Earned media — coverage you don't pay for — is one of the highest-trust forms of marketing a nonprofit can get, and it costs nothing but effort. The formula: find a genuinely newsworthy angle, write a tight press release, build real relationships with local reporters, pitch the right person directly, leverage your milestones, and keep a story bank ready so you can move the moment news breaks.

Finding newsworthy angles

The single biggest reason nonprofit pitches get ignored: they're not news. "We do great work" is not a story — it's an ad. Reporters cover what's new, timely, local, surprising, or deeply human. Your job is to find the angle in your work that fits one of those.

The press release

A press release isn't magic — it's a document that makes a reporter's job easy. Keep it to one page, lead with the actual news in the first sentence, and write it so a busy journalist could lift quotes and facts straight into a story.

ElementWhat goes here
HeadlineThe news, plainly stated — not your slogan.
First paragraphWho, what, when, where, why — the whole story in case they read no further.
QuoteA real, usable quote from your leader or a beneficiary (with permission).
Facts & contextThe numbers and background that make it credible.
Boilerplate & contactOne line on your org, plus a name, email, and phone they can reach today.

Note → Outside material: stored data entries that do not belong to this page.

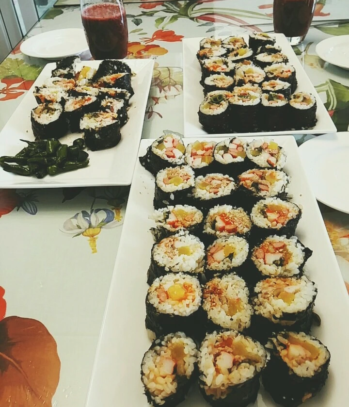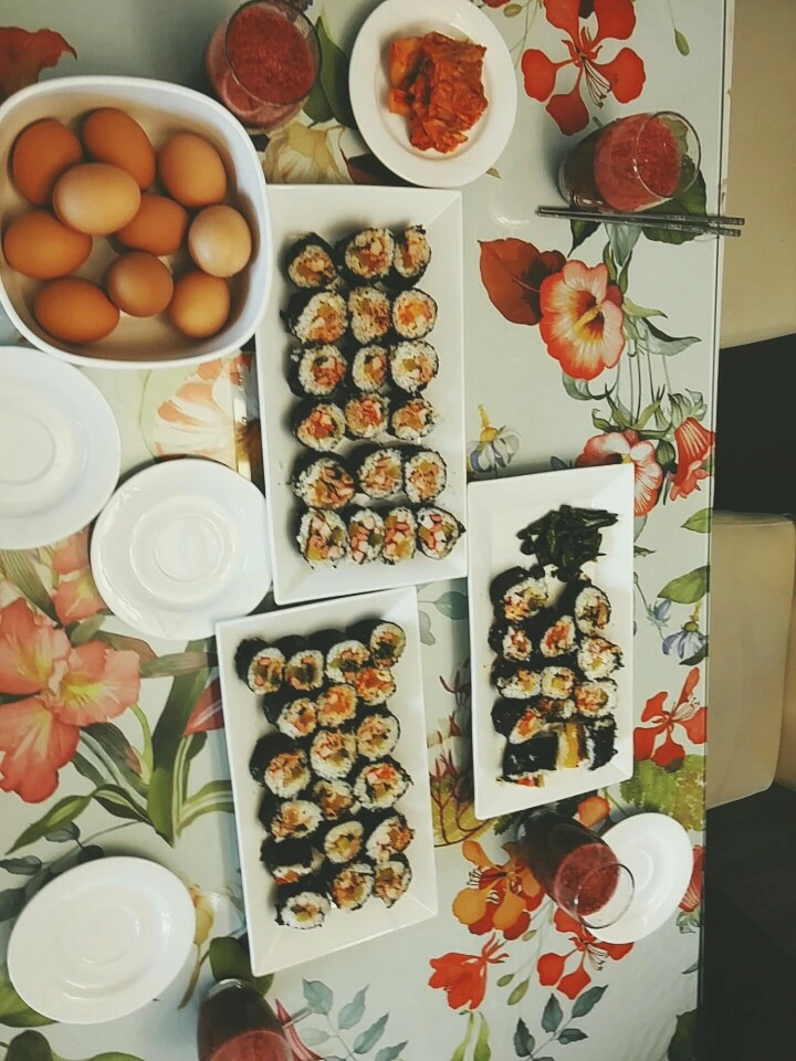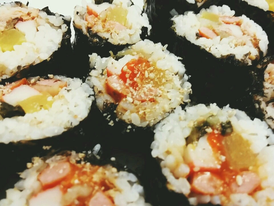 우엉김밥 대신 홍시김밥과 텃밭의 토마토
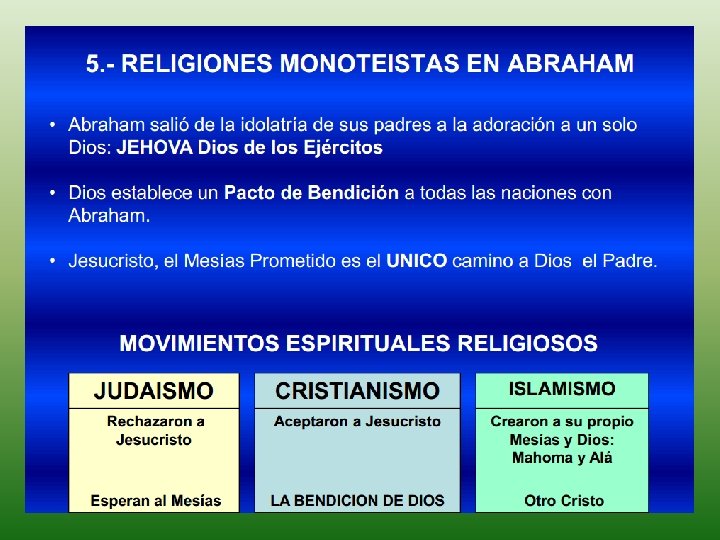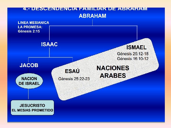 Es así como a través de Abram, Dio constituye una gran nación con principios santos para que los comparta con los descendientes de Jafet y Cam, pero cuando el Hijo de Dios en cumplimiento de la promesa dada en (Gén. 3: 15), Juan dice que ni los mismos descendientes de Abrahán lo recibieron (lea Juan 1: 11).
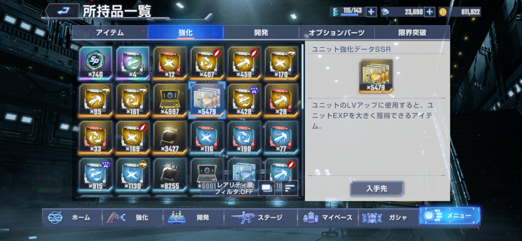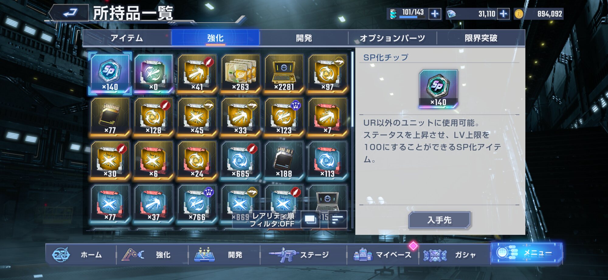 武装パーツ全交換してもうすぐSSR凸材交換まで視野に入ってるんだァ
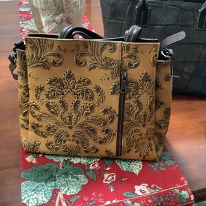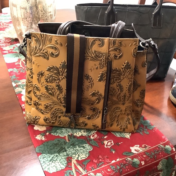 I bought this bag new from Spring Step, but have never carried it. I paid a discounted price of $249.95 (Regular Price: $279.95). I believe this is the mustard color with a carved leather fleur-d-lei design in earth toned burnished accents. Central full length zipper compartment with 2 open wall pouches, opposite zip pocket and attached rolled leather handles. Two large open snap compartments for easy, safe access, horizontal outside zip pocket. Removable, adjustable shoulder strap and storage dust bag. Imported. Measurements are as follows:
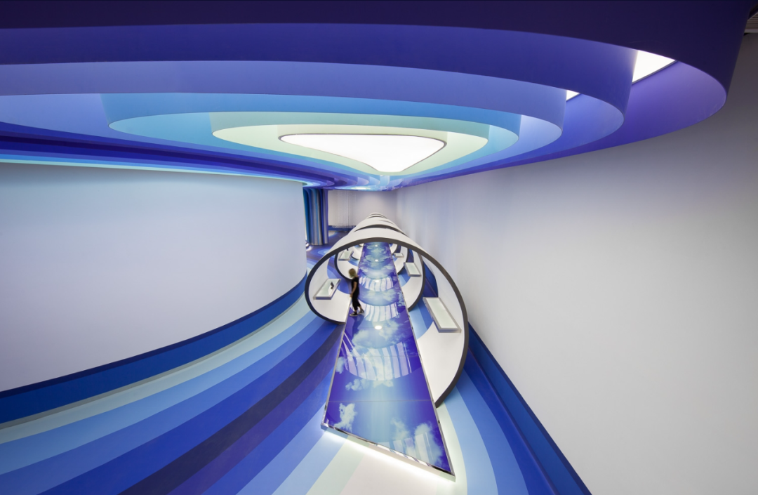 所有室内设计的颜色都是纯白色和七色调的蓝色:这些颜色定义了标识和艺术品的品牌标识。不过,大多数设计特色都是为了让游客同时感受到一种无形和正能量的氛围。在数据中心内部提出了工厂的新概念:为什么不把冷却管房发展成一个概念呢?画有不同颜色的管子错综复杂的设计与墙上印刷的数字艺术品相平衡。项目的主题是将工厂从一个悲伤、压抑、高效的地方转变成一个快乐、积极、高效的地方。数据中心之间的走廊由艺术品、颜色和图形定义,暗示了穿越天空的概念。休息时间以及一些休闲领域内的典型的地板计划项目的目的是将一种客观工位更快乐的工作空间引入可能首次在中国工厂的氛围“工作和生活”:对于一些臭名昭著的美国总部的公司办公室的氛围的发展从一个严重的和法人的看着一个非正式的,酷,更人性化的氛围。
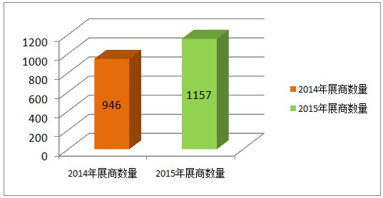 參展商數量:1157家參展企業,與2014年的946家展商相比,增長22%;
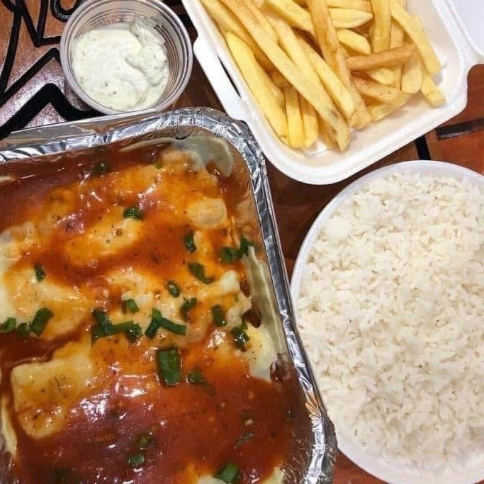 Deliciosos file de tilápia empanada com um irresistível molho de tomate caseiro, acompanhada com fritas nosso delicioso arroz branco e nosso suculento molho de alho. Servindo 2 pessoas
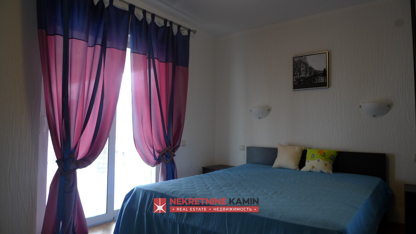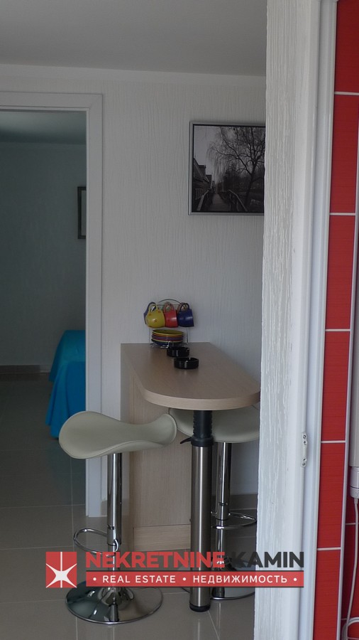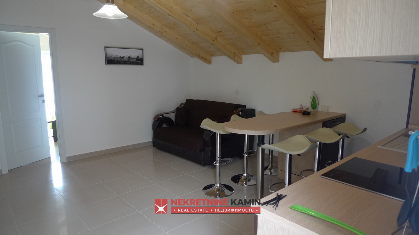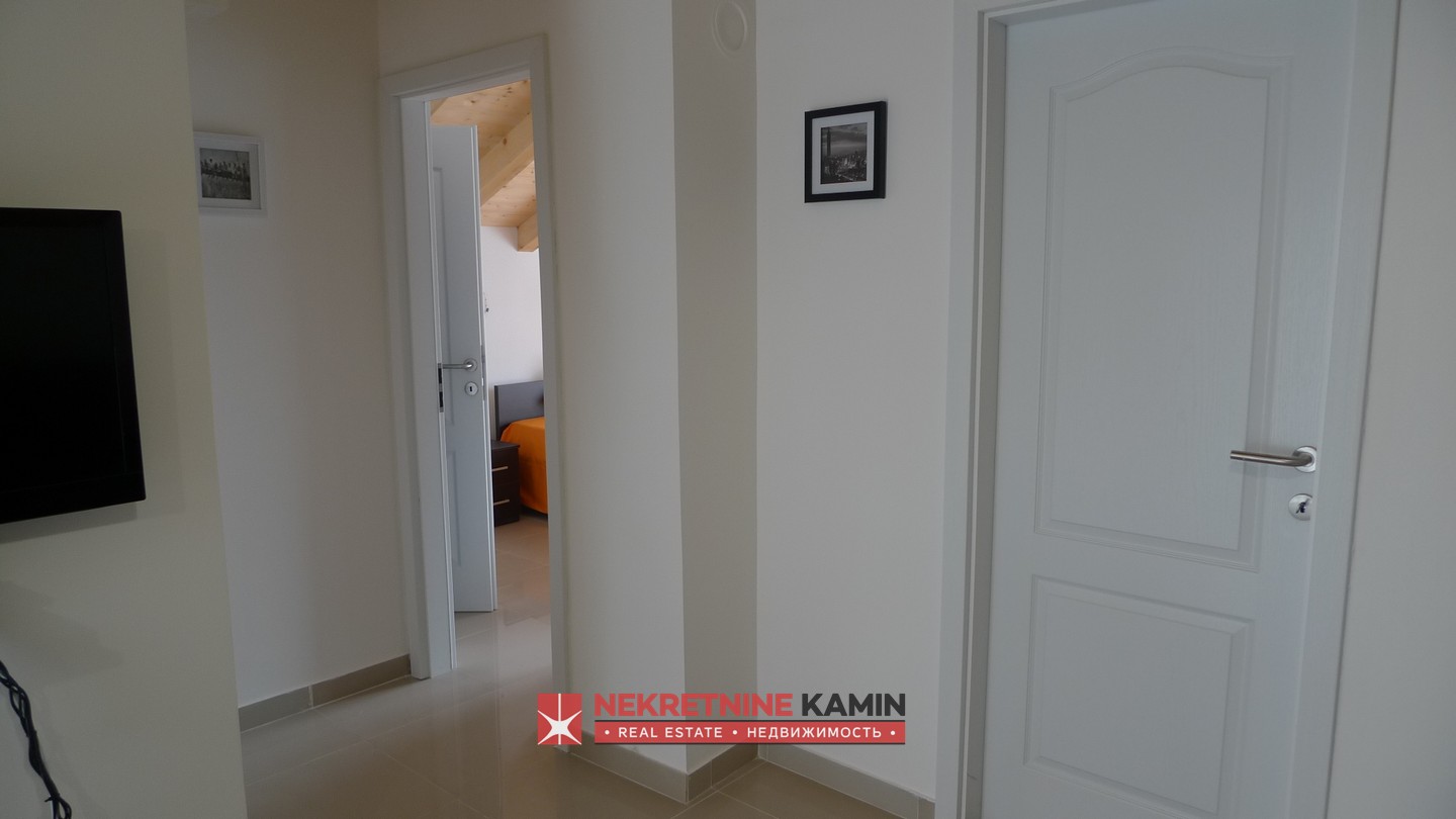 Iz soba se pruža pogled na more. Tu je i velika terasa sa pogledom na more.Stepenice vode do potkrovlja gdje je dnevni boravak sa kuhinjom i trpezarijom, dvije spavaće sobe, dva kupatila i velika terasa sa pogledom na more.

Building reporter relationships

Coverage flows from relationships, not blasts. Local journalists are people with a beat, a deadline, and an inbox full of pitches. Stand out by being useful before you need them: follow the reporters who cover nonprofits, community, education, or your specific cause; read their work; share and thank them when they publish something good; and offer yourself as a reliable local source — even when you have nothing to pitch.

When you do pitch, you're already a familiar name, not a stranger. That's the whole game.

Be the source they keep

A reporter who knows you'll answer the phone, give a straight quote, and connect them to real people will come back to you again and again. One genuine relationship with a local journalist is worth more than a hundred press releases.

Pitching local media

For most small nonprofits, local media is the realistic, high-value target — and it's where you can actually win. Skip the mass email. Send a short, personalized pitch to the specific reporter whose beat fits your angle.

  1. Lead with the angle Two sentences: the news and why their audience cares. Reporters decide in seconds.
  2. Show you know their work Reference a recent piece. It proves you're pitching them, not spamming a list.
  3. Make it easy Offer the interview, the photos, the person to talk to. Remove every obstacle.
  4. Respect the deadline and follow up once One polite nudge, then move on. Persistence, not pestering.
Coverage that keeps giving

A press hit fades. A funding base doesn't.

Earned media sends a wave of attention — make it last by turning new fans into recurring supporters. With Good Circles, people who discover you through coverage can pick your cause once, then a share of their everyday local spending funds you automatically — about $72 per active supporter per year (≈ $36,000/year from 500 supporters), recurring and unrestricted, free for your nonprofit. Even a Good Circles milestone — like becoming a Founding Nonprofit — is itself a newsworthy angle worth pitching.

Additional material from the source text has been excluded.